Am considering a 2002 TC45D, any thoughts or recommendations? I heard the newer Boomer tractors were not as robust as the earlier ones, but I don't know the cut-off date. This unit has 1125 hrs on it, FEL and heated cab with turf tires on it - asking $16.5k. Tell me all you know, good and the bad. 

Thanks all,
Jerry


----------



## Big_T (Dec 1, 2011)

Howdy Jerry, 

Welcome to the Ford/New Holland Tractor Forum.

For a series of reviews on the TC45 tractor, go to the following internet site: http://www.tractorbynet.com/guide/NewHolland/tc45/reviews 

All of these reviews of the TC45 tractor are favorable. I didn't see anything major regarding problems reported. 

Also go to http://www.tractorhouse.com and do a search for TC45's for sale to get an idea on (dealer) price versus hours, condition, and features. 

Personally, I would love to own one, but my old 3600 never gives me any major problems.


----------



## Thomas (Nov 1, 2006)

Welcome Jerry.
Do know of local mech that could take look also test spin?


----------



## TurbineGuy (Sep 24, 2013)

Thanks for the responses guys. I am quite familiar with the TC45D as I owned a 2001 for several years but sold it 5 yrs ago when I went off gallivanting about the country. I really didn't plan to be back so soon. Now my neighbor won't sell it back because he likes it too much. What's with that!
In my original post I was looking for the timeframe when NH changed from Shibaura to LS. I followed your advice Big_T and did some digging. It would seem that (and my dates may be wrong) around the 2005 timeframe NH & Shibaura parted ways on the CUT line and NH now is rebadging LS tractors in the CUT line. A local NH dealer said the newer units aren't as robust as the older Shibaura-based tractors. However, on the forums I've seen only happy and satisfied owners of LS tractors. I'm not sure which way to go on this yet, pocketbook may define direction.
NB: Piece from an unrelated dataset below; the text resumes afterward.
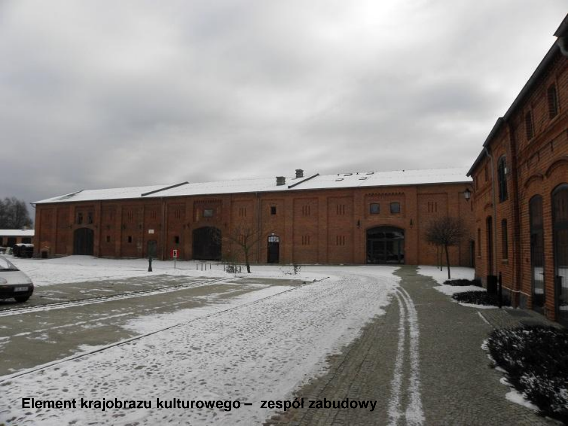
Element krajobrazu kulturowego – zespół zabudowy

Either way, I was very happy with the TC45D I owned previously and truly loved the Super Steer function. Time for some hunting and some test driving. I've been around tractors since I was a boy, Massey's, Oliver's, Farmall's and John Deere's - I think I'd prefer to do my own inspections. Besides why let someone else have all the fun?

Jerry


----------